# The End of KFS



## c.story (Jul 28, 2009)

Just saw this on the Kayak Fishing Magazine site, and couldn't believe what I was reading? Is it true? Anybody else heard anything about it?

http://kayakfishingmagazine.net/kay...m-/181-kfs-red-tide-the-end-of-a-era.html#181


----------



## Too Busy (Sep 7, 2007)

yes, sad but true


----------



## sleepyhead (Apr 30, 2004)

would someone translate that into some ******* terms.


----------



## uncdub13 (Aug 9, 2003)

sleepyhead said:


> would someone translate that into some ******* terms.


i reckon that place up yonder in jersey with the great big computer store figured they oughta quit sellin them paddle doohickers.


----------



## c.story (Jul 28, 2009)

uncdub13 said:


> i reckon that place up yonder in jersey with the great big computer store figured they oughta quit sellin them paddle doohickers.


i literally laughed out loud when i read this.



it's hard to believe that a company that looks like it is doing so well just one day can't make it anymore and has to close it's doors.


----------



## Jesse Lockowitz (Feb 13, 2006)

uncdub13 said:


> i reckon that place up yonder in jersey with the great big computer store figured they oughta quit sellin them paddle doohickers.


sumbeech i was just getin reader to travel down yonder to pick me up a couple'r dem sticker for my pickemup truck...sumvabeech..


----------



## bbcroaker (Jan 6, 2005)

Was on there website a couple of days ago and the talked like they are reorganizing and said for all to bear with them.


----------



## Erie Warrior (Aug 5, 2007)

Sad news. I lived on that site when I was trying to figure out how them paddling thingy's work.


----------



## Cdog (Mar 18, 2002)

Gonna miss that monthly email showing me all the cool chit I couldn't afford.





uncdub13 said:


> i reckon that place up yonder in jersey with the great big computer store figured they oughta quit sellin them paddle doohickers.
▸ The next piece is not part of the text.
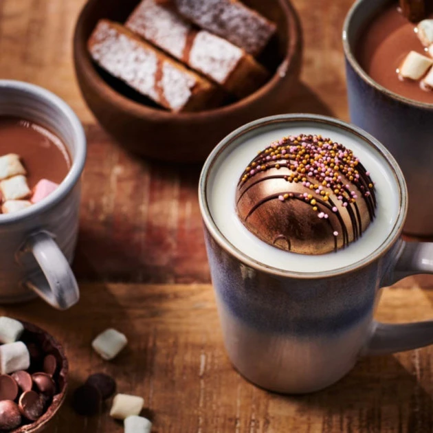 6- Laissez refroidir une instant au réfrigérateur. Pendant ce temps, faites-vous chauffer une belle tasse de lait, puis insérez-y une boule en chocolat 3D et régalez-vous !

This is the front runner for post of the year, spit beer on my keyboard reading it...


----------



## Irish_Tinker (Jan 13, 2010)

I was equally amazed when I read of the KFS demise on the KFS site. I found the forums there as a treasure chest of information on a variety of issues .KFS was the source of many innovations in kayak fishing, and had the ear and attention of many of the kayak manufacturers . The national economy has impacted on all the small shops , as well as the "big box " stores, and KFS isn't an exception.

According to one of the forums , KFS is going to try to maintain the forums . Only time will tell, as it costs money for servers , bandwith , etc., etc. Also , according to this same forum, the store will close up until there is a determination of what they are going to do . Right now the shop windows are covered in cardboard.

As an alternative , quite a few of the forum members have already formed their own free separate from KFS website to allow members to exchange information and phone numbers. If interested , conduct a google search for the 'kayakfishinghole' for the new forum.

As a side note, as successful as KFS is/was , remember to support your local shops, and the advertizers on your favoite forum website . Their ability to stay in business depends on your support .

Irish_Tinker


----------



## NAVYIDC (Jul 7, 2009)

*Kfs*

I don't think the forums are going away just yet they are working hard to keep that community up but the store is shot for good though.opcorn:


----------



## Too Busy (Sep 7, 2007)

If you want a website that can answer questions about anything from bass fishing techniques to fly fishing to rigging a kayak to serious photography then visit kayakbassfishing.com


----------



## J_Lannon (Jul 23, 2003)

That sux......... I hope they reorganize and continue on. I think its the best kayak fishing site there is.


----------



## fish militia (Nov 1, 2004)

Irish_Tinker said:


> As a side note, as successful as KFS is/was , remember to support your local shops, and the advertizers on your favoite forum website . Their ability to stay in business depends on your support .
> 
> Irish_Tinker


Ding-Ding..we have a winner


----------